Treasury owes oil marketers Sh39 billion in subsidy cash – Business Daily
Trucks transporting fuel wait for their turn to be transshipped accross Likoni ferry channel to the mainland Likoni. PHOTO | LABAN WALLOGA | NMG
The State owes oil dealers Sh39.56 billion for keeping pump prices unchanged since June, according to documents seen by the Business Daily.
The oil marketers are claiming the largest amount for diesel sales at Sh25.28 billion while that for super is Sh12.9 billion and kerosene at Sh1.46 billion.
Kenya has come under pressure from the International Monetary Fund (IMF) to scrap the subsidy scheme and end the current situation where the government allocates billions of shillings monthly to pay dealers.
The arrears are for the June-July and July-August monthly reviews and further worsen cash-flow hitches for oil dealers, especially the independent marketers that rely on bank credit to pay for their fuel quotas.
Treasury and the department of Petroleum — the two agencies in charge of the scheme declined to comment on when the arrears will be paid with less than two weeks to the monthly review.
“The arrangement with oil dealers is managed by PS Petroleum. Please reach out to him,” Treasury PS Julius Muia told the Business Daily when asked to respond on when the money would be paid.
The petroleum department had declined to comment on the payment plan and referred Business Daily to Treasury, highlighting why the fuel subsidy has become a headache for the government.
Oil dealers are grappling with worsening cash flows amid the high costs of crude in the global market amid fears that the small dealers are slowly being forced to close.

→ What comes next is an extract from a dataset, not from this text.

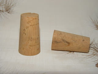 Korek z korka naturalnego, jednolity, stożkowy kształt ułatwia ręczne korkowanie.

Marketers hoarded fuel in April to protest delayed compensation leading to a nationwide shortage that threatened to cripple the economy.
The government has been spending an average of Sh7.65 billion every month to subsidise fuel and contain public outrage over the high cost of living, highlighting the adverse impact of the subsidy on the country’s revenues.
Removal of the subsidy is one of the conditions from the IMF under a Sh270.2 billion ($2.34 billion) budget support scheme that will run for 38 months.
A litre of super and diesel retails at Sh159.12 and Sh140 respectively in Nairobi in the current cycle lapsing on August 14.
Without the subsidy, the prices would have been Sh209.78 per litre of super and Sh193.7 per litre of diesel.